This is sample code:
function foo(num) {
if (num == 0)
return 'a';
const binaryNum = (num >>> 0).toString(2);
function nextChar(c) {
return String.fromCharCode(c.charCodeAt(0) + 1);
}
var converted = '';
var asci = 'b';
for(var i=binaryNum.length-1; i>=0; --i) {
if (binaryNum.charAt(i) == '1')
converted+=asci;
asci = nextChar(asci);
}
return converted;
}
console.log(foo(17));
console.log(foo(0));
console.log(foo(6));
console.log(foo(28));
Output is:
bf
a
bd
def
Note that 'bd' is 5.
Much like the bank note problem, reduce down the value in denominations, then pick out the index for the map to the letter.

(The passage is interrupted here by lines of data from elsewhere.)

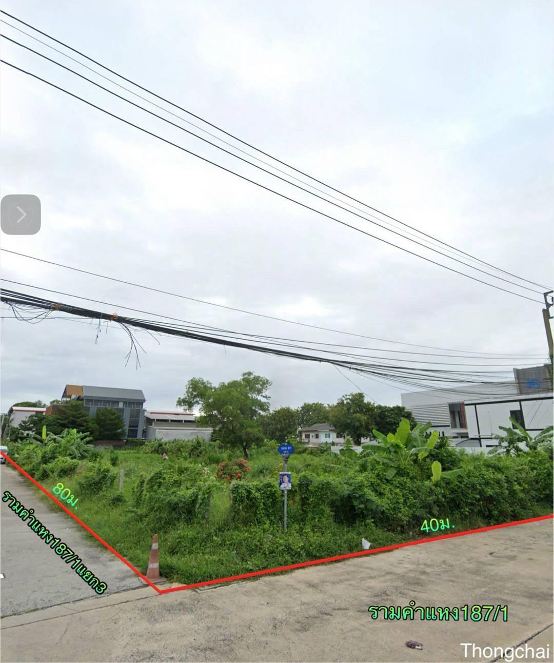 R68-077ขายที่ดิน 1-3-99 ไร่ ซอยรามคำแหง 187/1 เส้นเมนแปลงมุมด้านข้างติดแยก 3 ที่ดินรูปสี่เหลี่ยมผืนผ้าสวยมาก ที่ดินถมแล้ว หน้ากว้าง80ม.ลึก40ม.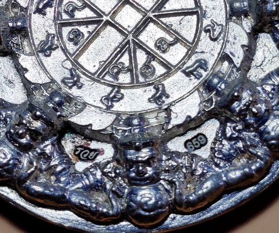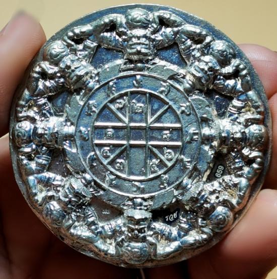 เหรียญบาทน้ำมนต์ เนื้อเงิน รุ่นตามรอยพ่อ หนัก65กรัม หมายเลข659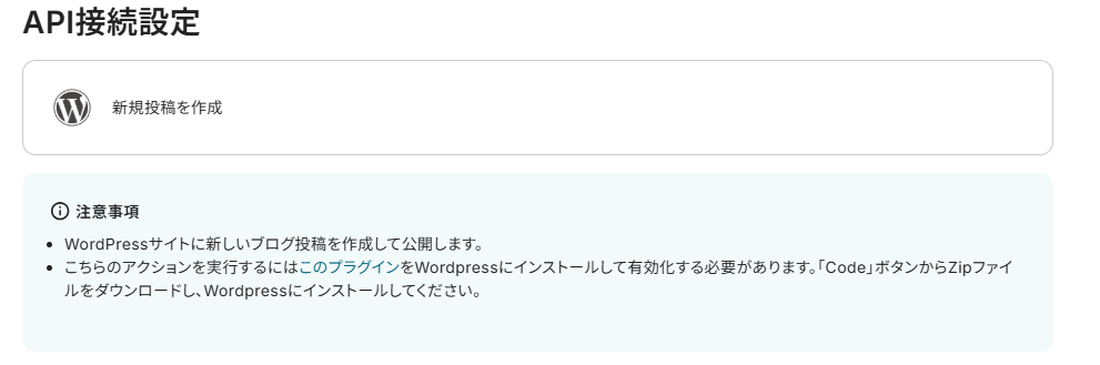3. API接続設定を行います。 ※注意事項を参考に、WordPress.orgのプラグイン設定を行ってください。

const v1 = [0, 1, 2, 4, 8, 16];
const v2 = ['a', 'b', 'c', 'd', 'e', 'f'];
let value = 7
const vMap = new Map();
for (let i = v1.length - 1; i >= 0 && value; i--) {
const qty = Math.floor(value / v1[i]);
qty && vMap.set(v1[i], qty);
value = value % v1[i];
}
const entries = Array.from(vMap.entries());
console.log(entries.map(([curr, qty]) => `${curr} * ${qty} = ${curr * qty} is ${v2[v1.indexOf(curr)]}`))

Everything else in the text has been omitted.